DATA IN THIS EXERCISE:
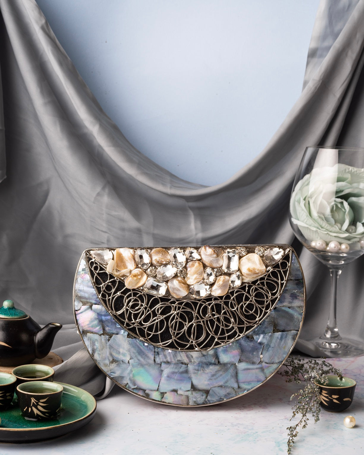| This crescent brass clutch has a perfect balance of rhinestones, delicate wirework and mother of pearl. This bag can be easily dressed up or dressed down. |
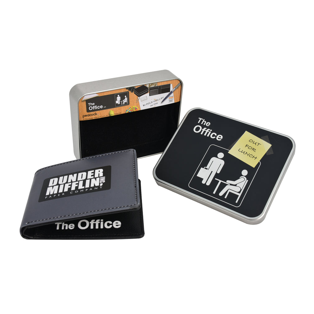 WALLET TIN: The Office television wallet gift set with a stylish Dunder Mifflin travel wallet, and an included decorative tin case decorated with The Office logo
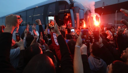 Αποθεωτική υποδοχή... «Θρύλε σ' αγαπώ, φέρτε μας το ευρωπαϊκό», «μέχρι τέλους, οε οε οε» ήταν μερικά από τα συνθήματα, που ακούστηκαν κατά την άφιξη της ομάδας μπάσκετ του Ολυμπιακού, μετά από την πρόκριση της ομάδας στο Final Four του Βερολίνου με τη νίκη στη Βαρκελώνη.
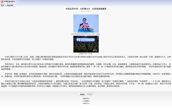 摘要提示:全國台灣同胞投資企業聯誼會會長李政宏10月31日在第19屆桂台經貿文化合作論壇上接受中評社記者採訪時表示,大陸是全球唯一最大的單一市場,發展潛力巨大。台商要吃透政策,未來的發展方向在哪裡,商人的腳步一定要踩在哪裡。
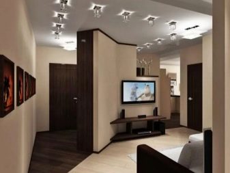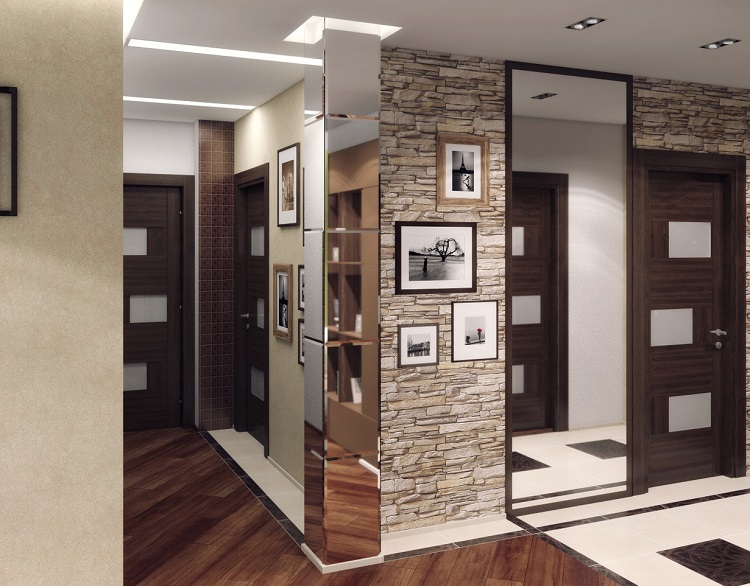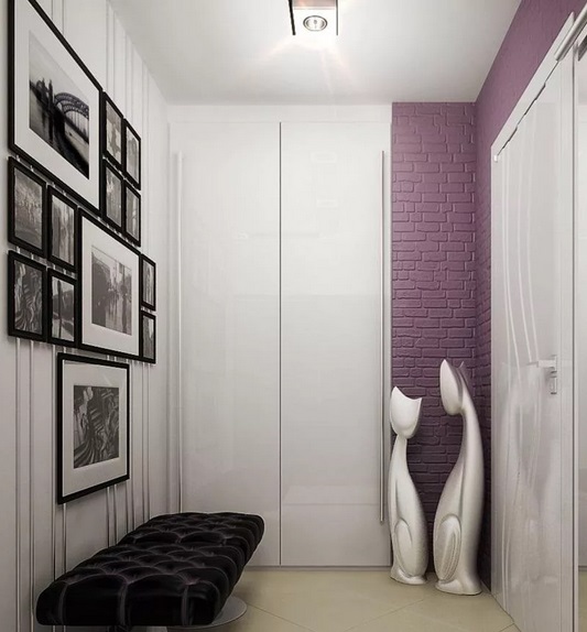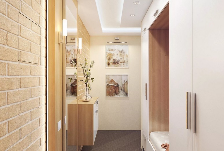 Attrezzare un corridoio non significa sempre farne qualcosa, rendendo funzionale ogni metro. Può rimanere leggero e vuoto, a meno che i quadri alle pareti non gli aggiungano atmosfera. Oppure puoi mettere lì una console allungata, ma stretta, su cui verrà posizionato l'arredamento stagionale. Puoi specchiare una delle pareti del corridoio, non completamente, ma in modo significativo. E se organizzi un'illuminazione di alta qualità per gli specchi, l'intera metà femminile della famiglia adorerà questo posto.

WORK REQUEST:
Transcribe exactly the lines that run from the first line of the records above through the line with "摘要提示:全國台灣同胞投資企", and include both of those lines; pictures stay out.

RESULT FOR THIS TASK:
| This crescent brass clutch has a perfect balance of rhinestones, delicate wirework and mother of pearl. This bag can be easily dressed up or dressed down. |
 WALLET TIN: The Office television wallet gift set with a stylish Dunder Mifflin travel wallet, and an included decorative tin case decorated with The Office logo
 Αποθεωτική υποδοχή... «Θρύλε σ' αγαπώ, φέρτε μας το ευρωπαϊκό», «μέχρι τέλους, οε οε οε» ήταν μερικά από τα συνθήματα, που ακούστηκαν κατά την άφιξη της ομάδας μπάσκετ του Ολυμπιακού, μετά από την πρόκριση της ομάδας στο Final Four του Βερολίνου με τη νίκη στη Βαρκελώνη.
 摘要提示:全國台灣同胞投資企業聯誼會會長李政宏10月31日在第19屆桂台經貿文化合作論壇上接受中評社記者採訪時表示,大陸是全球唯一最大的單一市場,發展潛力巨大。台商要吃透政策,未來的發展方向在哪裡,商人的腳步一定要踩在哪裡。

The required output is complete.